2007-11-28 01:51:06

by Chuck Lever

[permalink] [raw]
Subject: Re: [NFS] NFS Digest, Vol 18, Issue 70 (NFS performance problems)

On Nov 27, 2007, at 1:40 PM, Rui Pedro Mendes Salgueiro wrote:
> Thanks for the replies, everyone. Last week I didn't had the time to
> send this mail. Some comments below:
>
> On Wed, Nov 21, 2007 at 11:04:55AM -0500, Chuck Lever wrote:
>> Wendy Cheng wrote:
>>> Peter Staubach wrote:
>>>> Wendy Cheng wrote:

>>>>> So go to your
>>>>> /etc/exports file and explicitly set the export option to
>>>>> "async" to
>>>>> see whether you can get the performance back.
>
>>>> While this may or may not restore your performance aspects, it
>>>> is not safe to make this change. The change was made for a
>>>> reason.
>
>> That means his old system would have been exposed to data corruption
>> issues if it crashes (panic,
>
> Luckly it has been reliable. Some years ago (a previous server)
> crashed
> a lot but that was due to an obscure bug (XFS + SMP kernel + NFS =
> crash,
> IIRC) which I don't know if it was ever fixed:
>
> http://groups.google.com/group/alt.os.linux.suse/browse_frm/thread/
> f24dd8f878bb3ea3/7e6ffa45f3873716?hl=en&lnk=st#7e6ffa45f3873716
>
>> power outage,
>
> Of course, the server is on an UPS.
>
> And of course, some hours after I wrote the above, the UPS had an
> hickup
> and the server crashed during the middle of the night. We had to
> change
> its batteries.
>
>> It's another case of where we perform better in older kernels but
>> we are
>> more correct in recent kernels... but our users don't appreciate the
>> correctness improvement :-)
>
> The correctness improvement doesn't matter if the performance is so
> low
> that you can't use it.

I was being a bit facetious.

We won't ever make something "so correct it performs terribly" (on
purpose, anyway). There have been many cases where performance
regressed significantly in certain corner cases where we don't have
adequate testing, however.

In this case, async behavior in the worst case was so egregious that
it had to be changed. For NFSv3, the use of UNSTABLE writes usually
mitigates the performance lost by using the "sync" export option.

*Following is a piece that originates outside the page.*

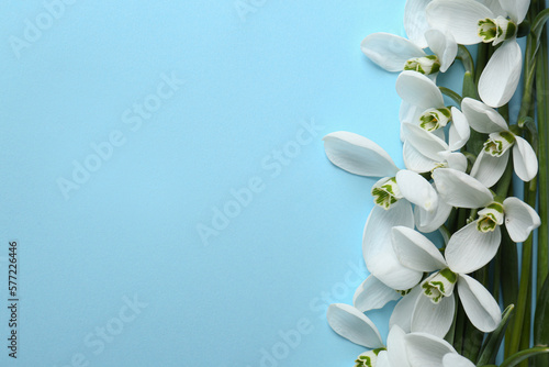 Fototapeta premium Beautiful snowdrops on light blue background, flat lay. Space for text
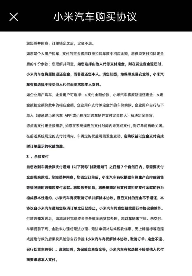 车没造就强制收尾款,否则定金不退,小米汽车被质疑霸王条款

> BTW, is what I am doing rare ? I have about 50 linux computers
> (including
> the mail server) mounting user areas from the NFS server. (Most of the
> time only some of them are being used.) The users use mostly KDE
> (because
> it has been the default option in SUSE for the past few years). This
> sort of setup allows an user to login in any of the computers and to
> have the same environment. So I would expect it to be widely used. But
> when I asked about this in other places I never got a reply of the
> kind
> "I am doing the same, and it works for me".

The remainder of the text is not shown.